Thermodynamics of carbon point defects in hexagonal boron nitride

TL;DR

This study uses first-principles calculations to analyze the thermodynamics of various carbon defects in hexagonal boron nitride, highlighting the most prevalent defect types and their potential role in single-photon emission.

Contribution

It provides a comprehensive thermodynamic analysis of multiple carbon defect configurations in hBN using first-principles methods, identifying the most common defect species under typical growth conditions.

Findings

Monomers, dimers, trimers, and C_N O_N pairs are most prevalent defects.

Larger carbon clusters and complexes are less common.

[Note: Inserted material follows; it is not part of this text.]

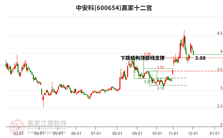 600654中安科處于贏家江恩空頭主線形態(tài),今日重心持續(xù)下移,短期延續(xù)下跌趨勢,長期發(fā)出江恩筑頂信號(hào),注意風(fēng)險(xiǎn)規(guī)避。600654中安科根據(jù)贏家江恩極反通道趨勢工具展示,上方壓力位4.3953,下方支撐

Results suggest specific defects may influence single-photon emission in hBN.

Abstract

We present a first-principles computational study of the thermodynamics of carbon defects in hexagonal boron nitride (hBN). The defects considered are carbon monomers, dimers, trimers, and larger carbon clusters, as well as complexes of carbon with vacancies, antisites, and substitutional oxygen. Our calculations show that monomers ($\text{C}_{\text{B}}$, $\text{C}_{\text{B}}$), dimers, trimers, and $\text{C}_{\text{N}}\text{O}_{\text{N}}$ pairs are the most prevalent species under most growth conditions. Compared to these defects, larger carbon clusters, as well as complexes of carbon with vacancies and antisites, occur at much smaller concentrations. Our results are discussed in view of the relevance of carbon defects in single-photon emission in hBN.